* [Your objective] The answer is the full listing below, copied exactly, with its pictures omitted.

* [Data block]
★ ★ ★ ★

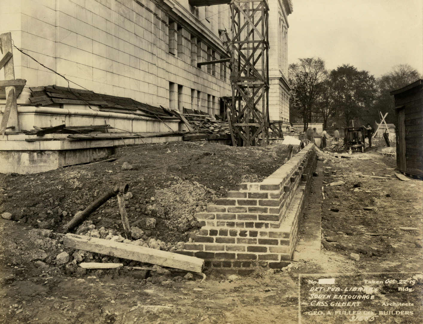 View of south entourage or terrace, Main Library, Detroit Public Library during construction. Scaffolding adjacent to building; construction workers and wagon in background. Printed on front: "No. [blank]. Taken Oct-22-19. Det-Pub-Library bldg. South entourage. Cass Gilbert, architects. Geo. A. Fuller Co., builders. 31655." Stamped on back: "Manning Bros., commercial photographers, 22-24 Witherell St. Detroit, Michigan." Typed on back: "Cass Gilbert, architect."
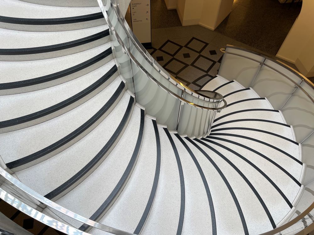 The staircase, located in the Rotunda of the Tate Britain, was reconstructed in 2013 using terrazzo in a pattern that recalls the original marble mosaic floor. (Photo ©2023 Arpi Nalbandian)
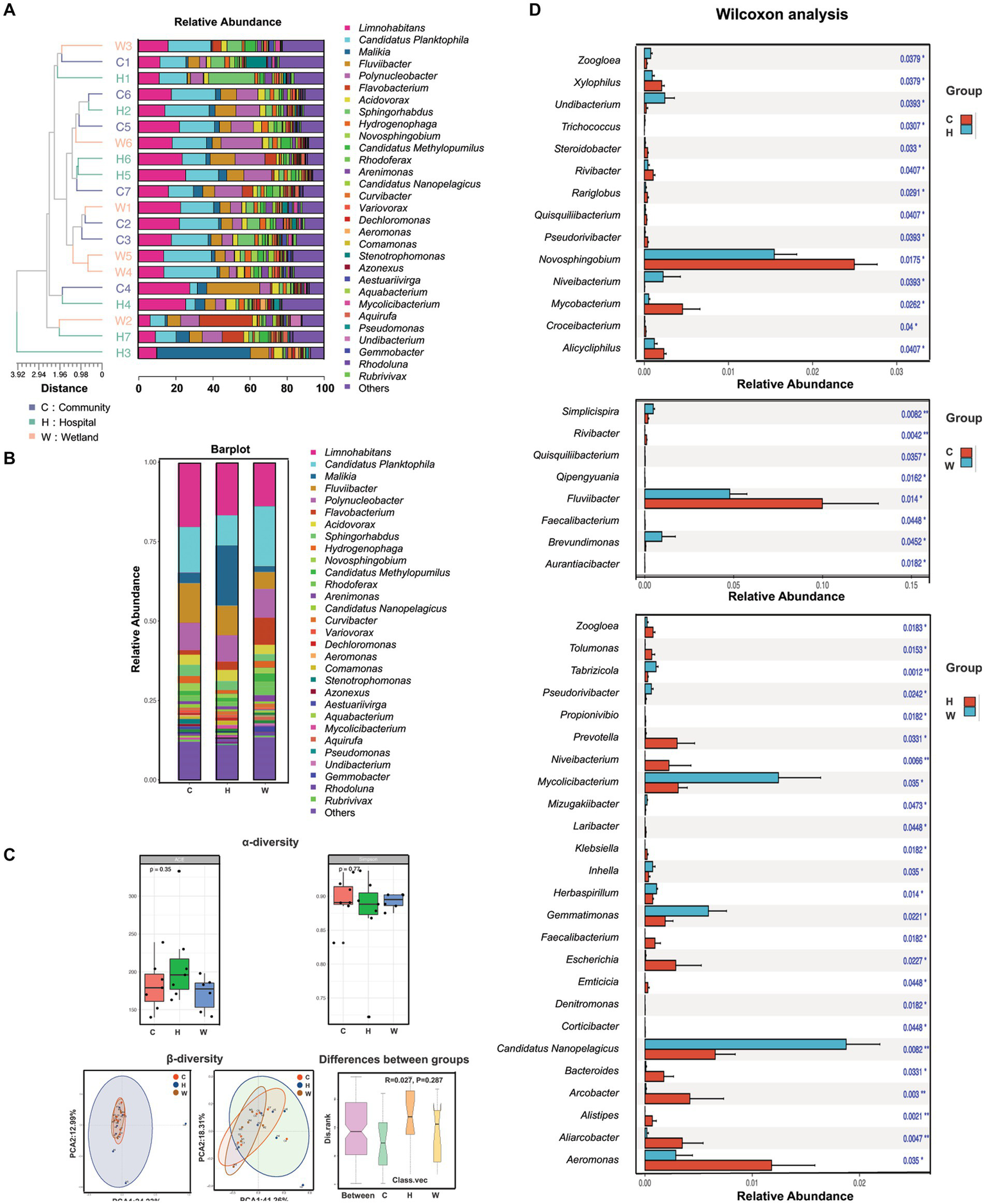 The composition, abundance and diversity of bacterial genera in water samples collected from hospitals, communities, and wetlands, respectively. (A) Characteristics of bacterial genus. The phylogenetic tree on the left was the genetic distance of bacteria in each water source. Different color blocks in the histogram represented bacterial genera. (B) Characteristics of bacterial species. Bar graph showed the overall bacterial distribution in the three water bodies. Different color blocks in the histogram represented bacterial genera. (C) Analysis of α-diversity and β-diversity in three water bodies and the variations between groups. (D) Wilcoxon analysis showed the bacterial genera with significant abundance in pairwise comparisons of each group (C vs. H, C vs. W, H vs. W).
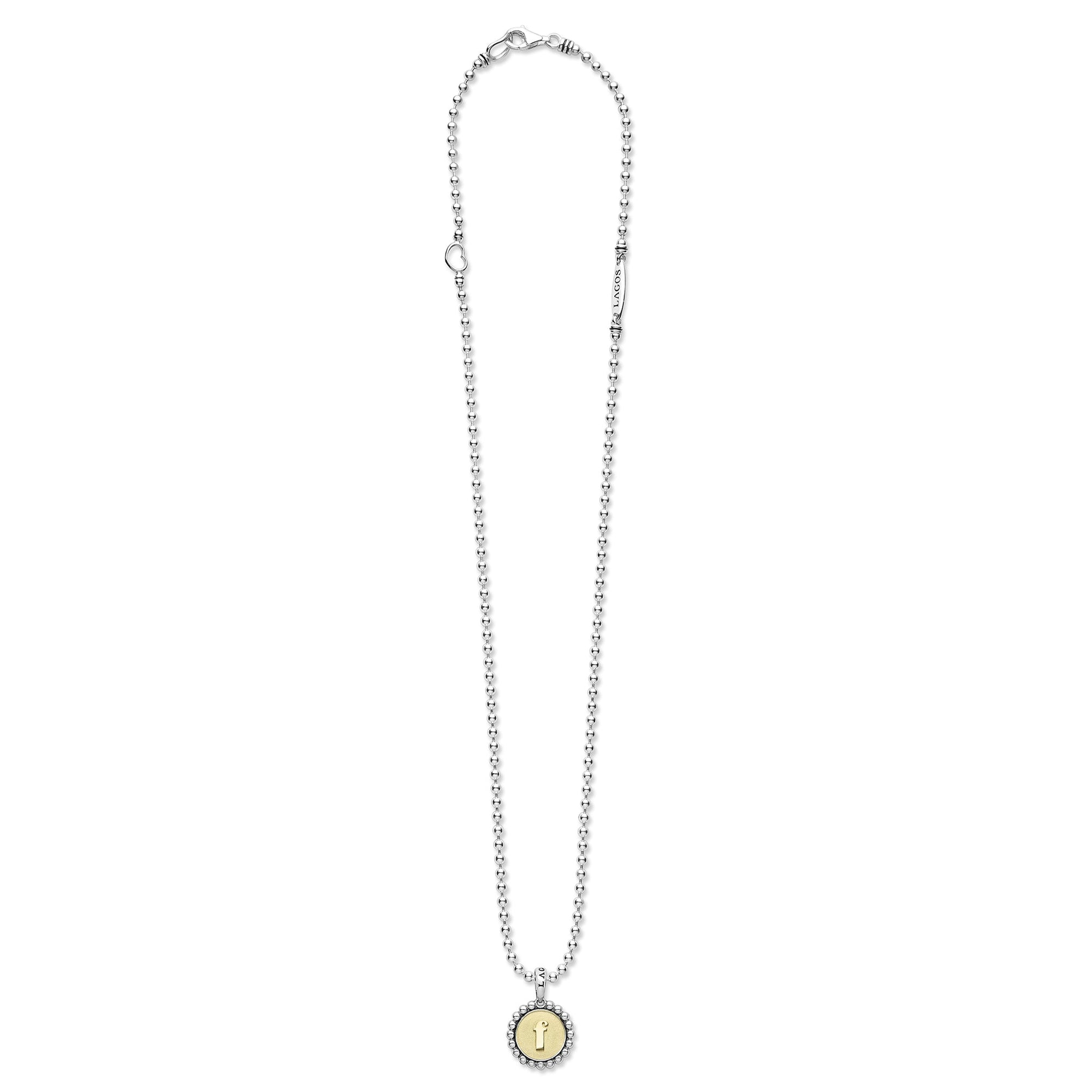 Our Signature Caviar sterling silver and 18K gold initial 'F' charm finished on a sterling silver ball chain necklace.

★ ★ ★ ★

* [Response area]
 View of south entourage or terrace, Main Library, Detroit Public Library during construction. Scaffolding adjacent to building; construction workers and wagon in background. Printed on front: "No. [blank]. Taken Oct-22-19. Det-Pub-Library bldg. South entourage. Cass Gilbert, architects. Geo. A. Fuller Co., builders. 31655." Stamped on back: "Manning Bros., commercial photographers, 22-24 Witherell St. Detroit, Michigan." Typed on back: "Cass Gilbert, architect."
 The staircase, located in the Rotunda of the Tate Britain, was reconstructed in 2013 using terrazzo in a pattern that recalls the original marble mosaic floor. (Photo ©2023 Arpi Nalbandian)
 The composition, abundance and diversity of bacterial genera in water samples collected from hospitals, communities, and wetlands, respectively. (A) Characteristics of bacterial genus. The phylogenetic tree on the left was the genetic distance of bacteria in each water source. Different color blocks in the histogram represented bacterial genera. (B) Characteristics of bacterial species. Bar graph showed the overall bacterial distribution in the three water bodies. Different color blocks in the histogram represented bacterial genera. (C) Analysis of α-diversity and β-diversity in three water bodies and the variations between groups. (D) Wilcoxon analysis showed the bacterial genera with significant abundance in pairwise comparisons of each group (C vs. H, C vs. W, H vs. W).
 Our Signature Caviar sterling silver and 18K gold initial 'F' charm finished on a sterling silver ball chain necklace.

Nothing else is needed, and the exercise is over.